- Your instructions:
Every line of the listing below must be printed again exactly, apart from its pictures.

- The data:
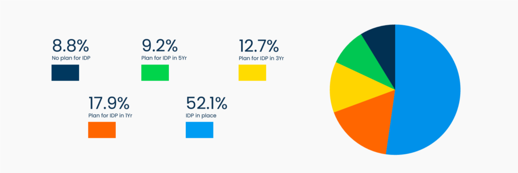 - When restricting the cohort of respondents with no plans to implement an IDP to just engineers, they become some of the most senior of those surveyed. 60% of engineers have six or more years of experience.
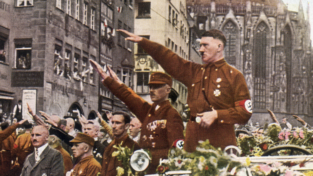 August 1927: Austrian born German fascist dictator, Adolf Hitler, saluting the massed ranks of his party during the party congress at Nuremberg. (Photo by Hulton Archive/Getty Images)
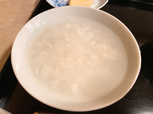 この鯛の煮つけが登場するとそろそろごはんが登場するのかな~と気分があがってきます!こちらも一度に食べずにごはんと一緒に食べる分も残しておきます。でもあまりの美味しさに残しておくのが非常に難しいのも現実です。笑
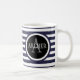 Monogram Name Navy Stripes Coffee Mug

- Exercise answer:
 - When restricting the cohort of respondents with no plans to implement an IDP to just engineers, they become some of the most senior of those surveyed. 60% of engineers have six or more years of experience.
 August 1927: Austrian born German fascist dictator, Adolf Hitler, saluting the massed ranks of his party during the party congress at Nuremberg. (Photo by Hulton Archive/Getty Images)
 この鯛の煮つけが登場するとそろそろごはんが登場するのかな~と気分があがってきます!こちらも一度に食べずにごはんと一緒に食べる分も残しておきます。でもあまりの美味しさに残しておくのが非常に難しいのも現実です。笑
 Monogram Name Navy Stripes Coffee Mug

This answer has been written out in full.